Ugarit, weites fremdes Ugarit. Acheloyde stand hochoben auf dem Bergfried der ugaritischen Königsburg und blickte versonnen ins Land hinaus. Ein Zug verspäteter Kraniche auf dem Weg nach Süden strich über die Ebene hinweg, und Acheloyde starrte ihnen nach, bis sie ganz klein wurden und am Horizont verschwanden. Sie war herzlich aufgenommen worden als neue Königin des Landes, Bauern und Bürger hatten jubelnd ihren Weg gesäumt und die Braut des Kranichs willkommen geheißen, und des Königs Marschall Assundin wachte treu und zuverlässig über sie und las ihr jeden Wunsch von den Augen ab. Und doch stand sie jeden Tag stundenlang oben auf dem Turm und wartete auf die Rückkehr Gayols, obwohl seit seinem Aufbruch noch kaum zwei Wochen vergangen waren. "Ein halbes Jahr," seufzte sie. "Ein ganzes langes halbes Jahr."

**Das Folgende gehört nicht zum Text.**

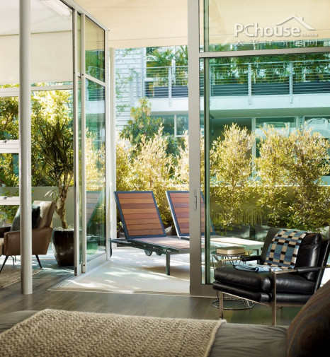编辑点评:透明的玻璃棚,简单实用,小露台上面放上设计略带古典气息木桌,这里最适合闲坐赏茗赏天空美景不过了。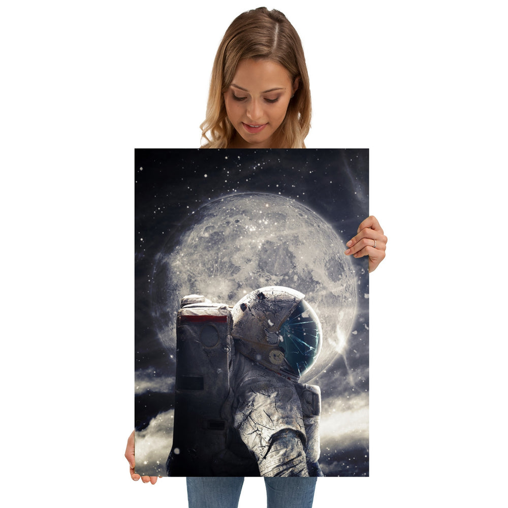 Amazing shot in a metal wall poster depicting an astronaut who looks extremely close to the moon flickering with a flaming silver and surrounded by a multitude of stars ! Utopian and pensive universe that leaves room for calm and serenity. For fans of the sky and all its unknown treasures, this unique work, both dark and luminous, will transport you and give a touch of sparkle to your interior decoration. You just have to stick on the wall the magnet and let the metal poster merge with it, no hole or screw ! An authentication hologram and the signature of the workshop manager is present on the back of the metal poster to authenticate this unique piece that will find its place in your decor.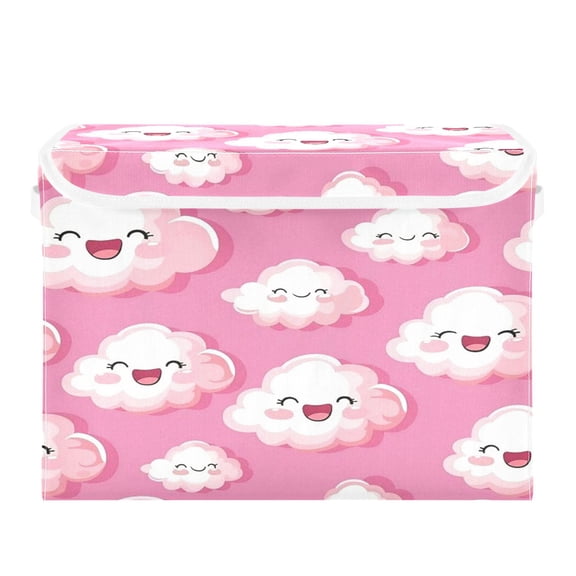 current price $21.99Storage Box With Lid 16.5x12.6x11.8In Foldable Stacked Household Storage Box Pink Clouds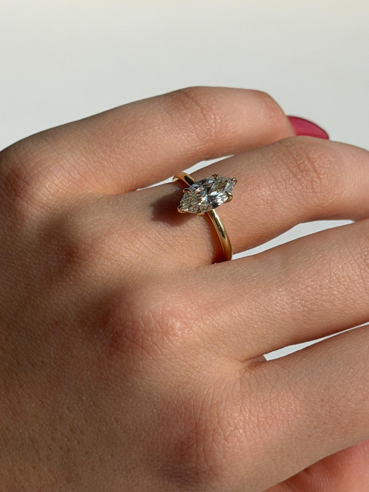 טבעת אירוסין קלאסית משובצת יהלום מעבדה בחיתוך מרקיזה (Maqruise Cut) במשקל 1.50 קראט.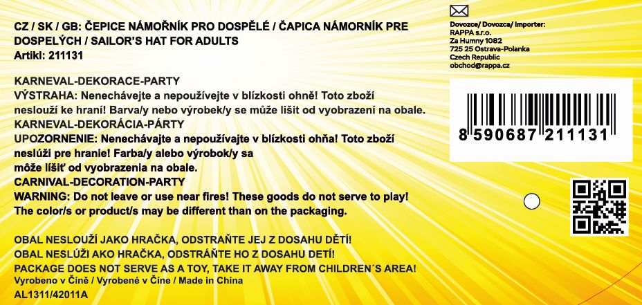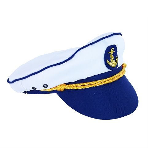 Parádní bílá čepice s modrým kšiltem a lemováním ve stylu námořníka pro dospělé! Tento senzační kousek je zdoben zlatým odznakem na přední straně čepice. Staňte se hvězdou karnevalového večírku díky této nepřehlédnutelné čepici a ohromte tak všechny své přátele!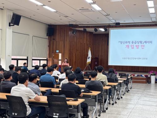 [½Åµ¿¾Æ¹æ¼Û µµºÀ±¸=À̽ŵ¿±âÀÚ] ¼­¿ï µµºÀ±¸°¡ Áö³­ 9¿ù 9ÀÏ µµºÀ°æÂû¼­ ¼Ò¼Ó ÆÄÃâ¼Ò¿Í Áö±¸´ë °æÂû 80¿© ¸íÀ» ´ë»óÀ¸·Î ¡®Á¤½ÅÀÀ±Þ°³ÀÔ ´ëÀÀ´É·Â Çâ»ó ±³À°¡¯À» ½Ç½ÃÇß´Ù. À̹ø ±³À°Àº Á¤½Å°Ç°­º¹Áö¹ý ½ÃÇà ÈÄ ÀÀ±Þ À§±â°³ÀÔ°ú ÀÀ±ÞÀÔ¿ø¿¡ ´ëÇÑ °æÂûÀÇ ¿ªÇÒÀÌ È®´ë¡¦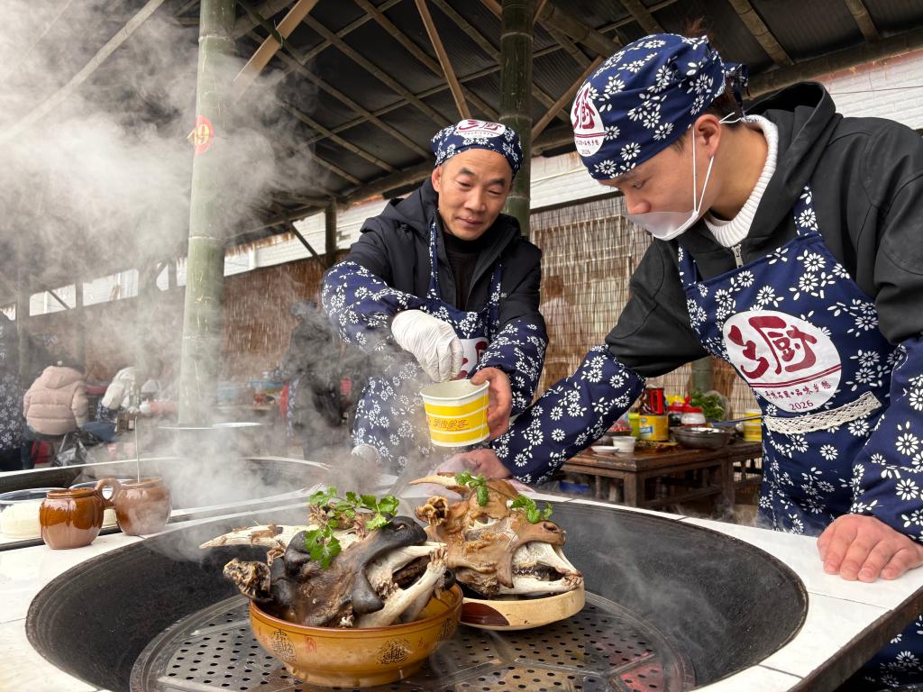 在村里从事黑山羊养殖的杨勇,也是一名地道的乡村厨师。这次比赛,他们团队还特意给每道菜取了别致的名字:蒸羊头叫“鸿运当头”,麻辣羊蹄称“金榜题名”,嚼劲十足的羊排又称“步步高升”……“乡里首次举办这么热闹的比赛,我们要晒出家乡的好风味。”杨勇说。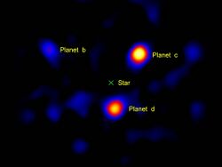 В ноябре 2008 года команда учёных Герцбергского института астрофизики методом наблюдений в инфракрасном диапазоне обнаружила три планеты, обращающиеся вокруг этой звезды[7][8][9].

Plötzlich richtete sie sich auf und spähte angestrengt nach Süden. Ein einzelner Reiter war auf dem Weg aufgetaucht und näherte sich nun der Burg. Für eine Sekunde glaubte sie, es sei Gayol, der bereits jetzt heimkäme. Doch war das Benehmen des fremden Reiters alles andere als das eines Heimkehrenden. Müde und hängenden Kopfes trottete sein Pferd vorwärts, er selbst saß zusammengesunken und vornübergeneigt im Sattel. Nun erkannte Acheloyde auch, wie übel zugerichtet Waffen und Rüstung des Ritters waren. Vor allem der einstmals prächtige Wappenschild des Fremden war von Dellen und Kerben übersät, große Stücke waren mit ungeheurer Kraft aus dem Schilde herausgehauen worden. Rasch stieg die junge Königin vom Turm herunter, um den Fremden gebührend zu empfangen.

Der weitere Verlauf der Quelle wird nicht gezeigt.